General information
- Coordinates: 38°02′47″S 145°14′38″E﻿ / ﻿38.04639°S 145.24389°E
- System: Closed commuter rail station
- Line: Cranbourne
- Distance: 38.36 kilometres from Southern Cross
- Platforms: 1
- Tracks: 2

Other information
- Status: Demolished
- Station code: LYN

History
- Opened: 1888; 138 years ago
- Closed: 1981; 45 years ago

Former services
| Preceding station | VicRail |  |  | Following station |
| Dandenong towards Spencer Street |  | South Gippsland line |  | Cranbourne towards Yarram |

Track layout

Location

= Lyndhurst railway station =

Former railway station in Victoria, Australia

Lyndhurst was a railway station on the South Gippsland line (now the Cranbourne line) in Victoria, Australia. It was situated just north of the Lyndhurst Road (now Western Port Highway) level crossing. In 1979, it had a single platform on the east side of the track, and a loop siding.

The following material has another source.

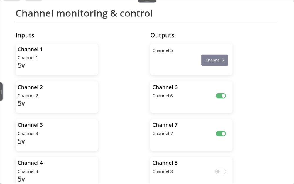 The page allows you to view the status of input channels and switch output channels on and off.
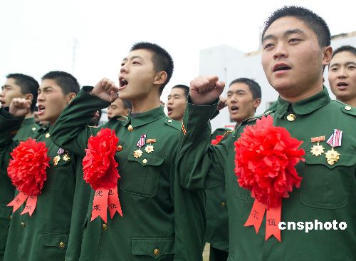 11月23日,武警湖北总队一支队即将退出现役的老兵向军旗庄严宣誓,发扬部队优良传统,永葆军人本色。中新社发 宋建春 摄

The station was served by passenger trains to Leongatha and Yarram until their withdrawal in June 1981, and then by Dandenong to Lang Lang railmotors until their withdrawal in October 1981. Although passenger train services between Melbourne and Leongatha were restored between 1984 and 1993, Lyndhurst station was not re-opened. The platform has been demolished.

In the 1969 Melbourne Transportation Plan, a new passenger rail line was proposed linking Frankston and Lyndhurst.

Cement traffic from Waurn Ponds near Geelong, to a siding serving a concrete batching plant operated by Boral, ended in 2009, after Pacific National increased the costs charged to Blue Circle Southern. The siding and silo were removed in 2021 to make way for the duplication of the Cranbourne line.